START COLLECTED DATA

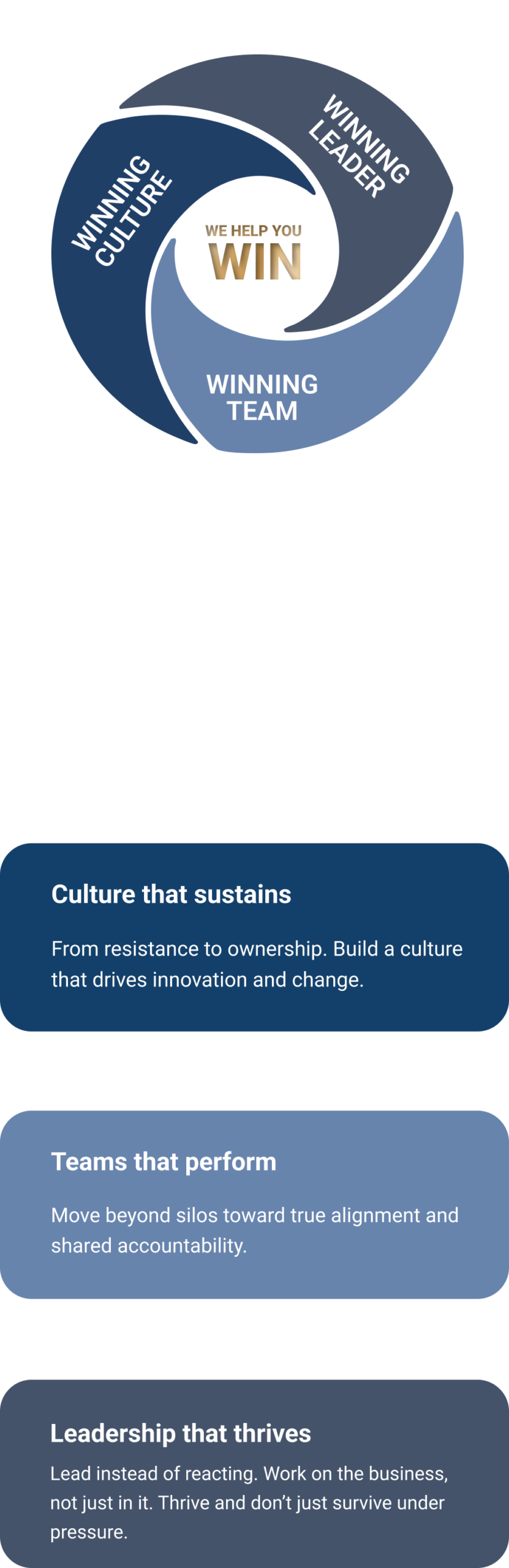 We elevate leadership to the next level, unlock real team performance, and anchor a winning culture that withstands pressure and drives change.
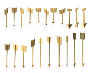 3D arrow png pointing in one direction, arrow attack, gold arrow, purpose, objective, point direction, some arrows, several arrows, different arrow, flying or firing arrow, archer, archery
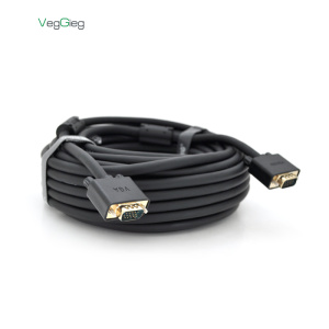 Кабель VEGGIEG VG-15 VGA 3 + 6, 15m, male to male (тато-тато), OD-8.0mm, 2 фериту, круглий Black, коннектор Gold, Box

END COLLECTED DATA

YOUR ASSIGNMENT: Apart from the pictures, all of the data should be repeated exactly.

THE COMPLETED TASK:
 We elevate leadership to the next level, unlock real team performance, and anchor a winning culture that withstands pressure and drives change.
 3D arrow png pointing in one direction, arrow attack, gold arrow, purpose, objective, point direction, some arrows, several arrows, different arrow, flying or firing arrow, archer, archery
 Кабель VEGGIEG VG-15 VGA 3 + 6, 15m, male to male (тато-тато), OD-8.0mm, 2 фериту, круглий Black, коннектор Gold, Box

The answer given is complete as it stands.